第48話 新米貴族は領外を進む
僕と子爵は移動を続ける。
その日のうちにロードレス領の外へと至った。
草原を貫く街道を進み、夜は焚火を作って交互に眠る。
日が昇れば移動を再開する。
そのような日々を繰り返していた。
(のどかな光景だ)
僕は少し拍子抜けしていた。
驚くほどに何も起こらない実に平和な旅路だ。
ロードレス領とは緊張感がまるで違う。
どこか弛緩しており、まるで別の国のようだった。
慣れかけていたが、やはりあの土地が異常なのだ。
数十年以上に渡って戦乱で歴史を紡ぐ場所である。
比較対象にはしない方がいい。
改めて自らの領地について考えていると、隣を進む子爵が呟く。
「不思議だな。そろそろ襲撃があるかと思ったのだが」
「ど、どうしてですか?」
「君と私を暗殺すれば、ロードレス領主の座が空く。それでなくとも、ルード・ダガンに恨みを者は多い。

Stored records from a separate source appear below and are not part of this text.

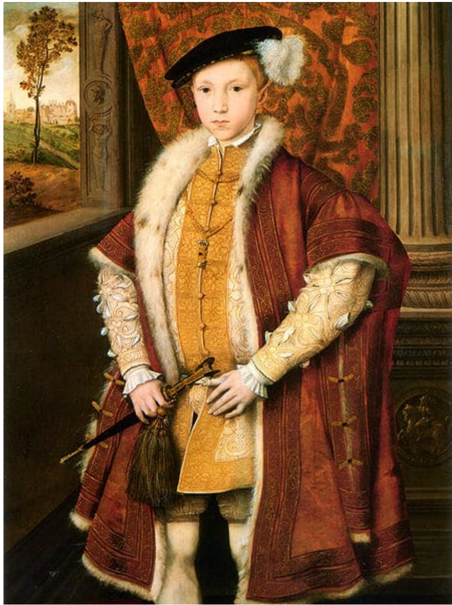
King Edward VI Son of Henry VIII
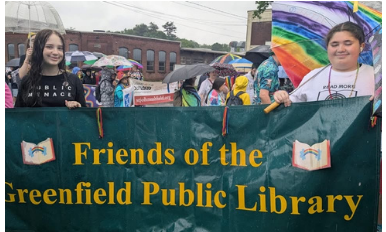
So thankful to these two library patrons for carrying the banner the entire parade and in a downpour!
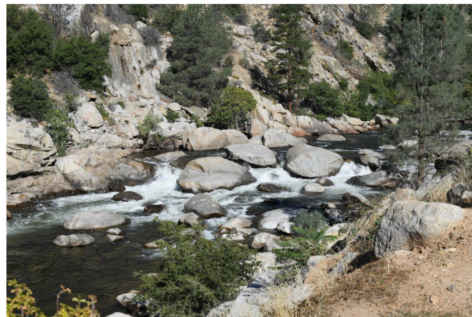
August 28, 2023: 719–829 cfs flow range
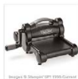
Big Shot 143263
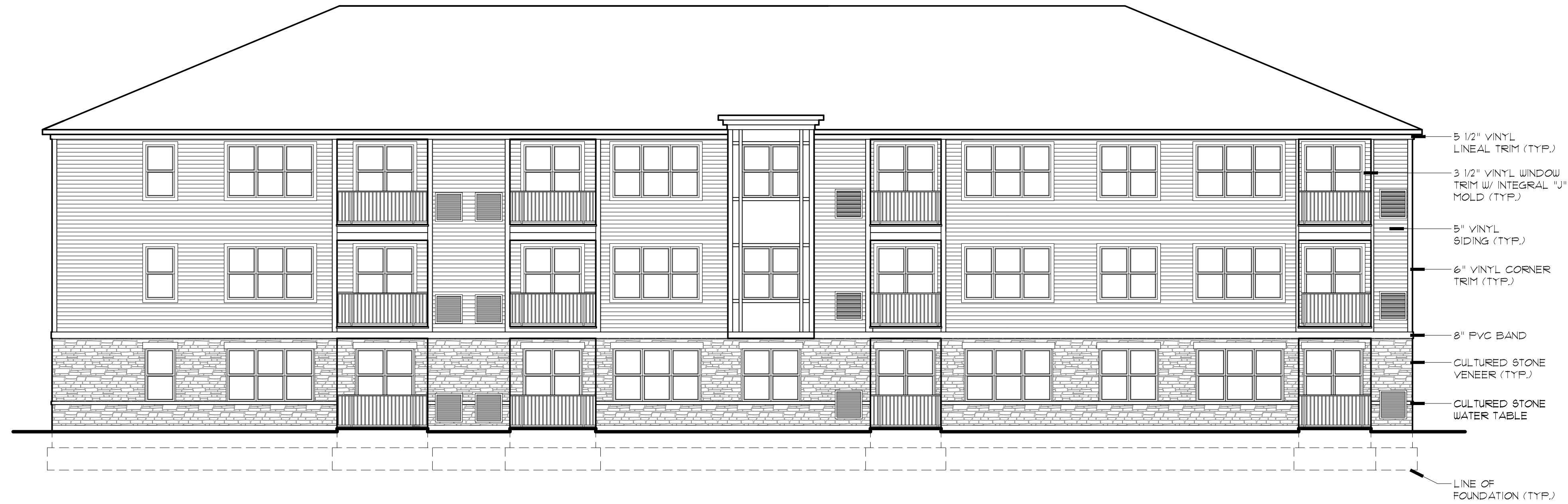
1 REAR ELEVATION SCALE: 1/8" = 1'-0"

KAPLAN COMPANIES NEW MULTIFAMILY BUILDINGS FOR CAMELOT @ ERNSTON RD. SAYREVILLE, NEW JERSEY
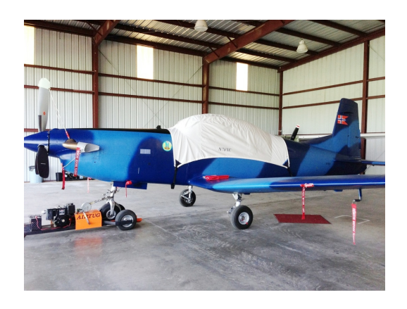
Pilatus PC-7 Canopy Cover

This cover type is made from Silver Acrylic Sunbrella canvas and is 100% lined with a soft and smooth microfiber. Bruce's Custom Covers developed this material combination especially for aircraft protection. The outer material is medium weight and treated for water resistance, UV resistance and anti-static buildup. The inner lining is a very soft and smooth microfiber to prevent scratching. The material is very reflective, and tests show that the cabin interior temperature can be reduced to near-ambient temperature on the hottest of days. It is water, ice and snow repellent, yet breathable to allow moisture to escape from between the cover and the aircraft surface.

どちらの動機にしろ、狙う輩は多いと思うよ」
「なるほど……」
僕が漠然と抱いていた違和感は、おそらくそれだろう。
今の状況は、他の貴族から攻撃を仕掛けられても不思議ではなかった。
ここまで何事もなかったのが幸運なのだ。
しかし、子爵はそれを不審がっている。
何らかの襲撃を予測していたらしい。
(子爵の考えが外れるなんて珍しいな)
彼女は常に先の展開を俯瞰している。
予想や推測が的中することは頻繁にあった。
それだけの観察眼と頭脳があるからこそ、国内有数の貴族なのだ。
だから此度の移動の静けさが気になるらしい。
(何事もないのが一番だけど、確かに不気味に感じる)
僕はふと周囲を警戒する。
何か分かるということもない。
ただ平凡な草原が広がっているだけであった。
もし暗殺者が隠れていたとしても、僕には察知できない。
最悪、気付かない間に殺されてしまうのではないか。
「今更だが、仮面は常に取り出せるようにしておきたまえ。どこで誰が襲ってくるか分かったものではない」
「分かりました。気を付けます」
僕は懐に触れながら頷く。
この仮面が僕の生命線だった。
いつでも装着できるようにしておかなければならない。
ルード・ダガンならば、何が相手でも対処できるのだ。
たとえ魔族の軍勢だろうと、古の竜だろうと無差別に屠ることができる。
国王との召集は僕が任されたが、道中の戦いについては頼ってもいいのではないか。
彼もそれくらいは想定しているはずだ。
ここまで何も起こらなかったが、王都まで平和とは限らない。
むしろロードレス領から離れていくほどに注意すべきだろう。